Пульхерия испугалась этой мрачной неподвижности и горькой, словно застывшей улыбки, которая блуждала теперь на губах сестры. Позабыв о том, как низко она сама пала в глазах общества, куртизанка вдруг преисполнилась жалостью к Лелии — до такой степени страдание сравняло их доли.

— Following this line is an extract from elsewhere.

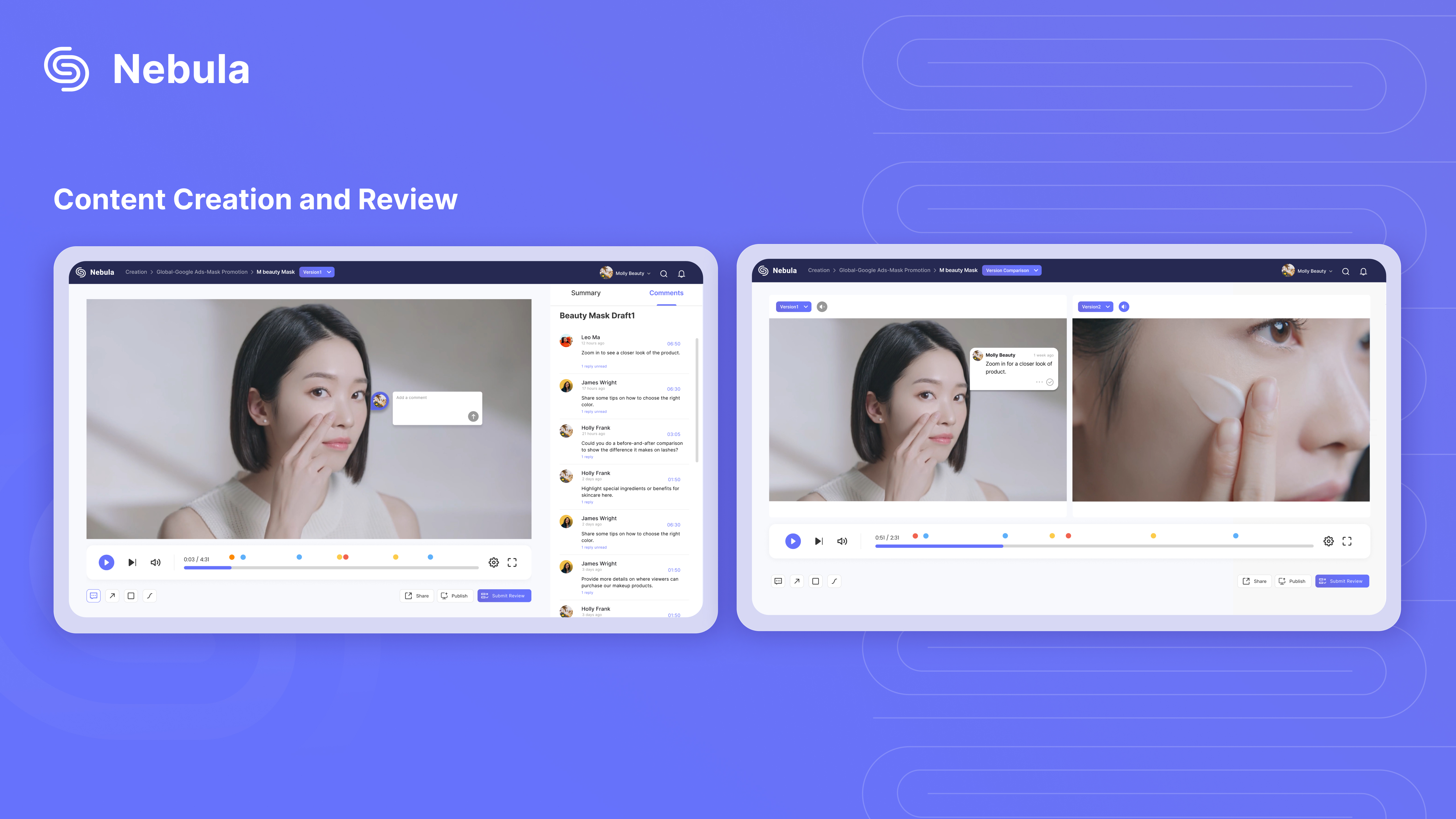Nebula streamlines the review process, allowing instant updates and easy content reviews for timely and effective feedback. With just one click, enter the video review page where Nebula AI optimizes your workflow, providing quick summaries and enhancing review management efficiency.

— Так вот ты какая! — сказала она ей с той мягкостью в голосе, с какой мать стала бы успокаивать огорченного ребенка. — Много лет провела я в разлуке с сестрой, и вот теперь я нашла ее, а она лежит на земле, как истрепанное, никому не нужное платье, старается приглушить свои крики прядями волос и в отчаянии царапает грудь ногтями. Такой я тебя нашла, Лелия; а сейчас ты еще того хуже; тогда ты плакала, а сейчас ты как мертвая. Ты жила своим страданием, а теперь тебе жить нечем. Вот до чего ты дошла, Лелия! О боже! На что же послужили тебе все эти блестящие дары, которыми ты так гордилась! Куда тебя привела дорога, по которой ты пошла так доверчиво и с такой надеждой? В какую бездну горя ты упала, ты, которая считала, что мы не стоим твоих подметок. Сион, Сион, говорил я тебе, что гордость тебя погубит!

— Гордость! — воскликнула Лелия, почувствовав, что задели ее самое больное место. — И ты еще смеешь говорить об этом, погибшее создание! Кто из нас двоих безнадежнее заблудился в этой пустыне, ты или я?

— Не знаю, Лелия, — печально сказала куртизанка. — Мне было хорошо в этой жизни, я еще молода, еще красива. Я много выстрадала, но я еще не сказала «О господи, довольно!». Тогда как ты, Лелия…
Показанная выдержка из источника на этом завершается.